Below are the records; repeat exactly their lines between the line holding "Prihod v taborišče" and the line holding "Passos Manuel soma vitória em casa", inclusive, skipping the pictures.

▶ DATA LISTING
++++++++++++++++++++
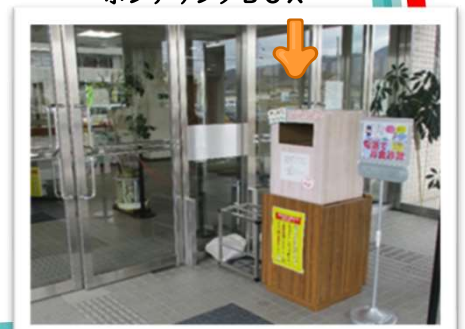
千曲署の正面玄関(風除室)
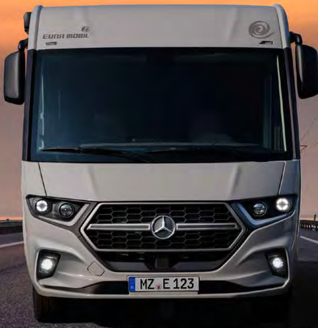
Abbildung mit Individualausstattung
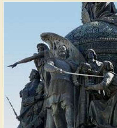
Дмитрий Пожарский на Памятнике «1000-летие России» в Великом Новгороде
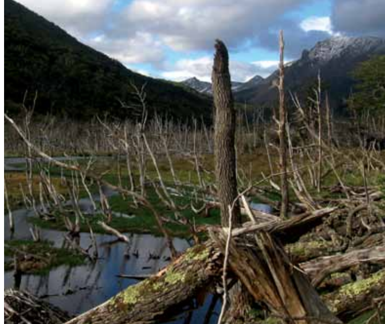
A la izquierda, un niño acaricia a su castor mascota y a la derecha la vista menos agradable del efecto de esta especie invasora: un valle en la isla Navarino después de la “ingeniería de ecosistemas” de una pareja de castores.

Magallanes, el comité también incluye al Gobierno de la Provincia Antártica Chilena, la Municipalidad de Cabo de Hornos y la Armada de Chile. El comité científico presidido por el Parque Etnobotánico Omora cumple una función de asesoría, pero no tiene derecho a voto. La estrategia de Parque Omora es combinar investigación científica interdisciplinaria con programas educativos y promoción del turismo sostenible. Los investigadores y estudiantes de posgrado del centro también colaboran con el Servicio Agrícola y Ganadero y el Gobierno Regional en un programa para controlar especies invasivas, entre ellas el visón ( Neovison vison ), los cerdos salvajes y perros. En el 2008, el Parque Omora colaboró con el Gobierno Regional en un estudio sobre la viabilidad de la erradicación de los 100 000 castores de la reserva de
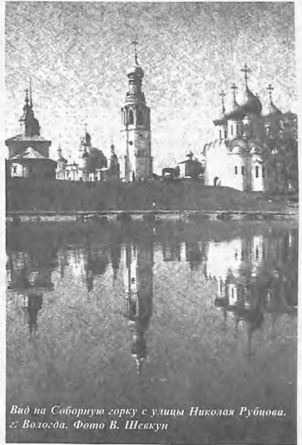
Вид на Соборную горку с улицы Николая Рубцова, г. Вологда.

Еще более необузданной фантазией, доходящей порой до абсурда, обладают авторы, когда у них речь заходит о
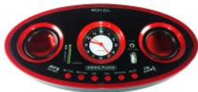
REF.: RPUS-306B RADIO FALANTE USB VERMELHO ROY
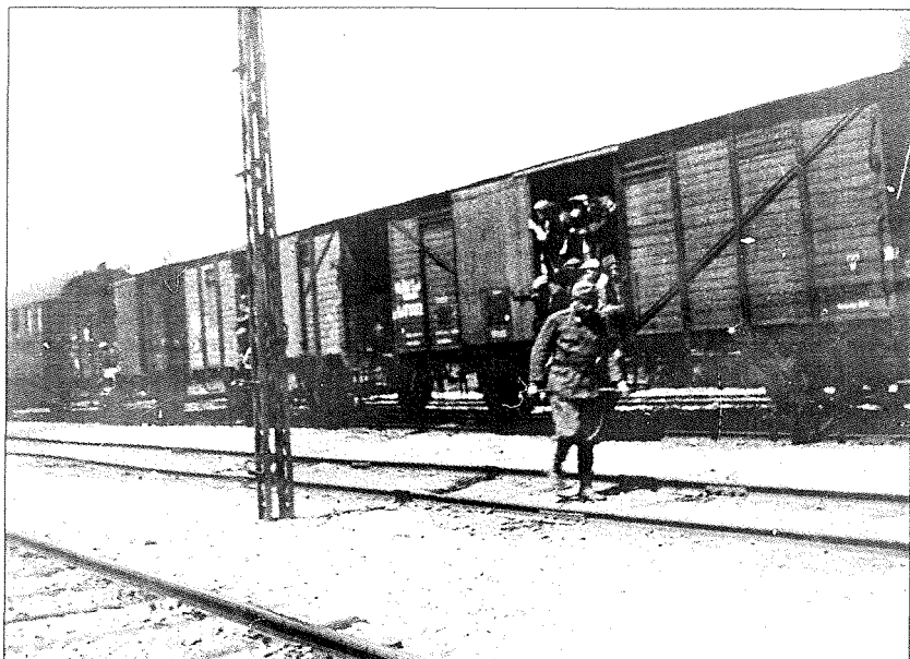
Prihod v taborišče - tako so pripeljali internirance v taborišče.

taborišča. Razvrstili so nas ob robu ceste in po ne vem kolikokratnem preštevanju le ugotovili, koliko nas je in da smo prispeli vsi, kolikor nas je na spisku.
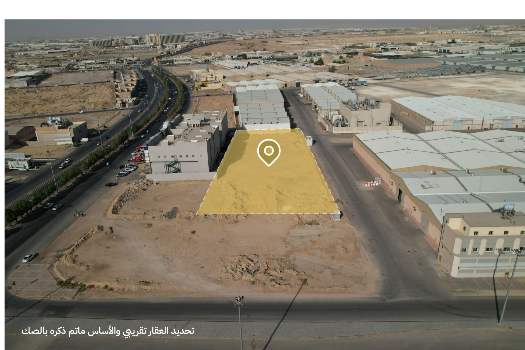
تحديد العقار تقريبي والأساس ماتم ذكره بالصك
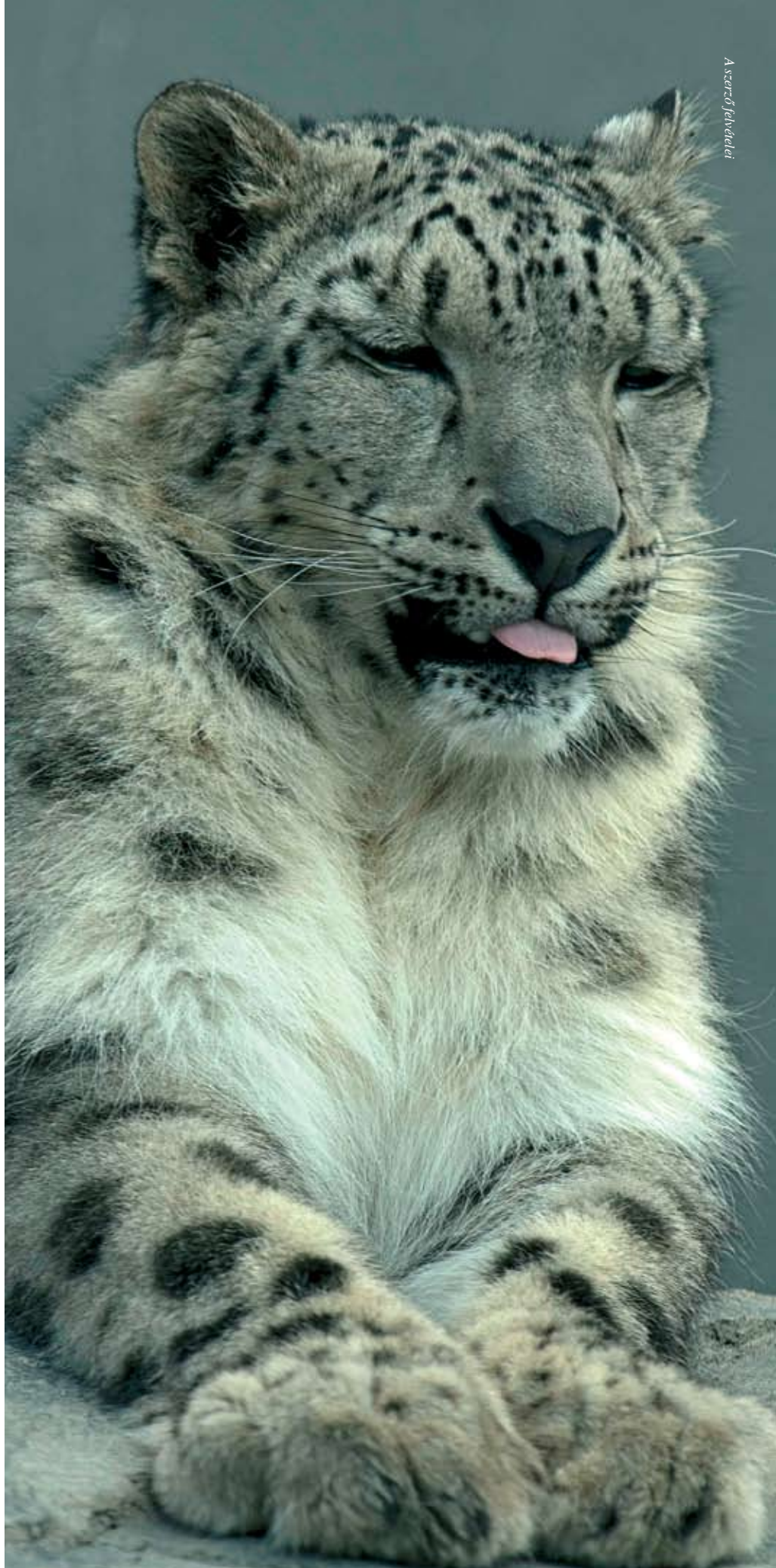
A szőrű felvételei
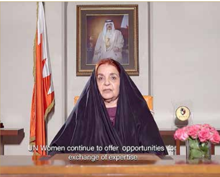
UN Women continue to offer opportunities for exchange of expertise

كلمة أريشيفية مسجلة لسمو الأميرة سبيكة بنت إبراهيم بنت أثناء الفعالية
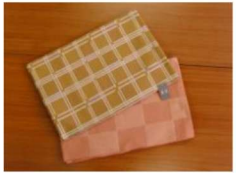
26 仕立上り八寸帯 (黒・ローズ・金茶系) ¥5,800
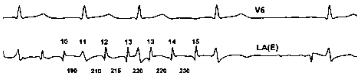
Ryc. 5. Zapis momentu samoistnego ustąpienia migotania przedsionków poprzedzony przejściem w bardziej zorganizowaną postać migotania przedsionków (wzrost amplitudy P, wydłużenie cyklu, pojawienie się wyraźnej linii izoelektrycznej pomiędzy załawkami P). Szybkość zapisu 50 mm/s.
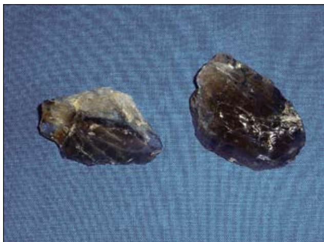
Abb. 8: Kratzer aus Rauchquarz
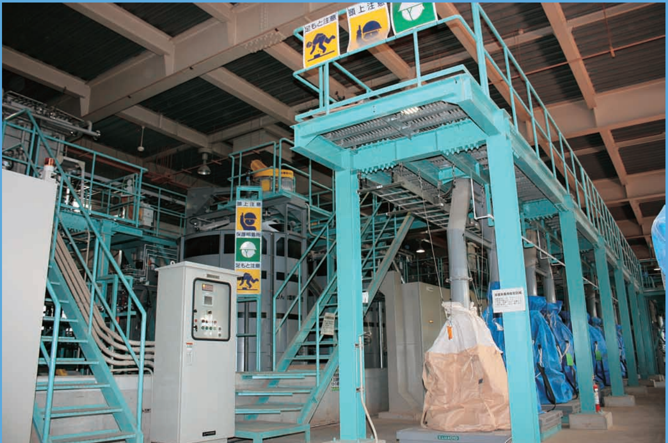
リン回収施設全景
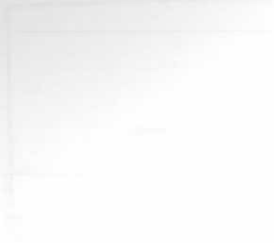
PLATE 12. THE TEMPLE OF ANKHSAMEN

1. The temple of Ankh-Samen, the son of Amenhotep III, is situated in the West Valley of the Nile, near the village of Assiut. It was discovered in 1897 by Gardiner and Sethe. The temple is a fine example of the art of the late 19th century B.C. It consists of a large open-air court, a colonnade of papyrus columns, and a sanctuary. The columns are decorated with hieroglyphs and lotus flowers. The sanctuary contains a statue of the god Ankh-Samen. The temple is now in the care of the Egyptian Museum, Cairo.
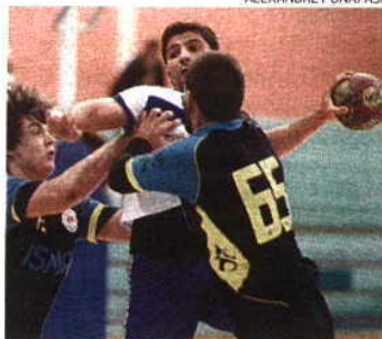
Passos Manuel soma vitória em casa
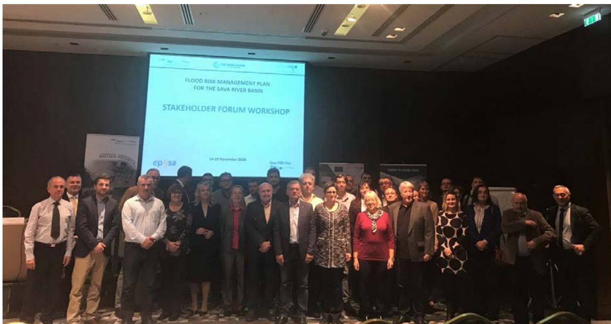
Sudionici foruma dionika – 1. dan
++++++++++++++++++++
▶ ANSWER FOR THE TASK
Prihod v taborišče - tako so pripeljali internirance v taborišče.

taborišča. Razvrstili so nas ob robu ceste in po ne vem kolikokratnem preštevanju le ugotovili, koliko nas je in da smo prispeli vsi, kolikor nas je na spisku.
تحديد العقار تقريبي والأساس ماتم ذكره بالصك
A szőrű felvételei
UN Women continue to offer opportunities for exchange of expertise

كلمة أريشيفية مسجلة لسمو الأميرة سبيكة بنت إبراهيم بنت أثناء الفعالية
26 仕立上り八寸帯 (黒・ローズ・金茶系) ¥5,800
Ryc. 5. Zapis momentu samoistnego ustąpienia migotania przedsionków poprzedzony przejściem w bardziej zorganizowaną postać migotania przedsionków (wzrost amplitudy P, wydłużenie cyklu, pojawienie się wyraźnej linii izoelektrycznej pomiędzy załawkami P). Szybkość zapisu 50 mm/s.
Abb. 8: Kratzer aus Rauchquarz
リン回収施設全景
PLATE 12. THE TEMPLE OF ANKHSAMEN

1. The temple of Ankh-Samen, the son of Amenhotep III, is situated in the West Valley of the Nile, near the village of Assiut. It was discovered in 1897 by Gardiner and Sethe. The temple is a fine example of the art of the late 19th century B.C. It consists of a large open-air court, a colonnade of papyrus columns, and a sanctuary. The columns are decorated with hieroglyphs and lotus flowers. The sanctuary contains a statue of the god Ankh-Samen. The temple is now in the care of the Egyptian Museum, Cairo.
Passos Manuel soma vitória em casa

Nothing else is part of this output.